Pakistanis feel local producers need to up their game


Since the release of Doctor Strange in the Multiverse of Madness in Pakistan, filmmakers, whose films released mere days before the Marvel flick, have been on a roll to reverse the clash or prevent similar clashes in the future. The Eid releases, that came out after a two-year hiatus, owing to the Covid-19 pandemic, are allegedly not performing as well as they would have, “had it not been for the doctor.”

Dum Mastam producer Adnan Siddiqui, Parde Mein Rehne Do producer Wajahat Rauf and crime thriller Chakkar producer Yasir Nawaz even sat down for an urgent press conference on Saturday to discuss the same. They urged Prime Minister Shehbaz Sharif to look into the matter and some also brought the issue to social media’s attention. Several are now arguing in the favour of Multiverse of Madness, hitting back at filmmakers for wanting them to resort to local productions instead of being given a choice. Many are also explaining to filmmakers why a film’s success has more to do with its content than its competition.

Siddiqui tweeted on Monday, “Releasing Dr Strange could have waited for a few days. The last thing we need when the industry is finally opening up after two years is some foreign film hijacking our screens and relegating us in a corner. Home grown cinema has more right any day.”

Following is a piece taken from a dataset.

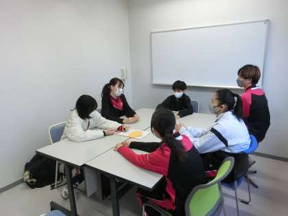 生徒会執行部です。今学期から生徒会室が東校舎3階から北校舎一階へ移動しました。今日は新しくできた生徒会室で話し合いを行いました。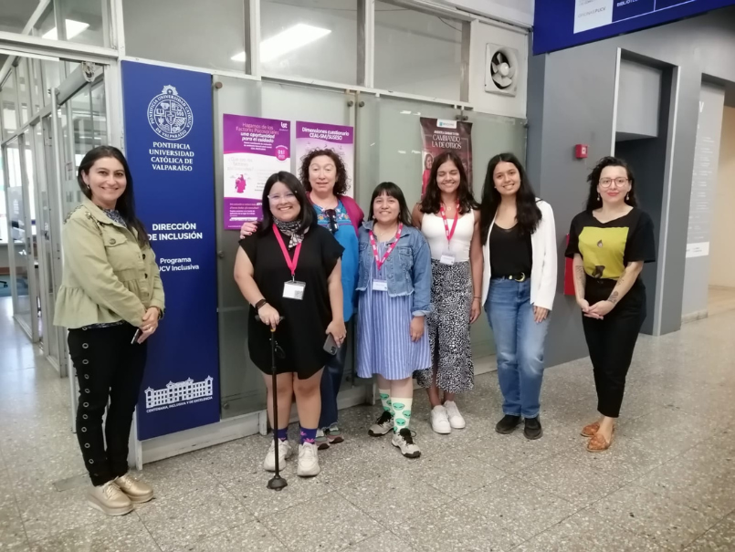 Descripción de imagen. Directora de Inclusión (s), junto a equipo de PUCV Inclusiva y de fundación Capaz, a las afueras de oficina del programa de acompañamiento de la PUCV.

While actor Farhan Saeed held, “In these difficult times post Covid, I stand with all the Pakistani filmmakers who despite all the difficulties, had the courage to come up with their movies and request the cinema owners not to prefer foreign content over local.”

And Dum Mastam actor Amar Khan shared a video suggesting, “Bollywood films were banned in Pakistan out of patriotism. But how strange is it, that Dr Strange was released without any regard for the same? We spent three years making and waiting to release these films and after being released, they had a house full. And only three days later, 50% of their screens were reduced because of a foreign film. Nobody’s saying you ban these films and not give the audience what it demands. But you could have waited, especially on Eid. Our Pakistani cricket team also underperforms so many times but we don’t start supporting foreign teams. We keep rooting for our players. Then why this discrimination with artists and filmmakers? If our films do well, it will benefit our country.”

In response, a user pointed out, “This is the generation of Netflix and Amazon Prime. They watch Breaking Bad, Money Heist, and Stranger Things. We want content that is not related to TV Dramas.”

Another asked, “I know this sounds crazy but have you tried making better movies?”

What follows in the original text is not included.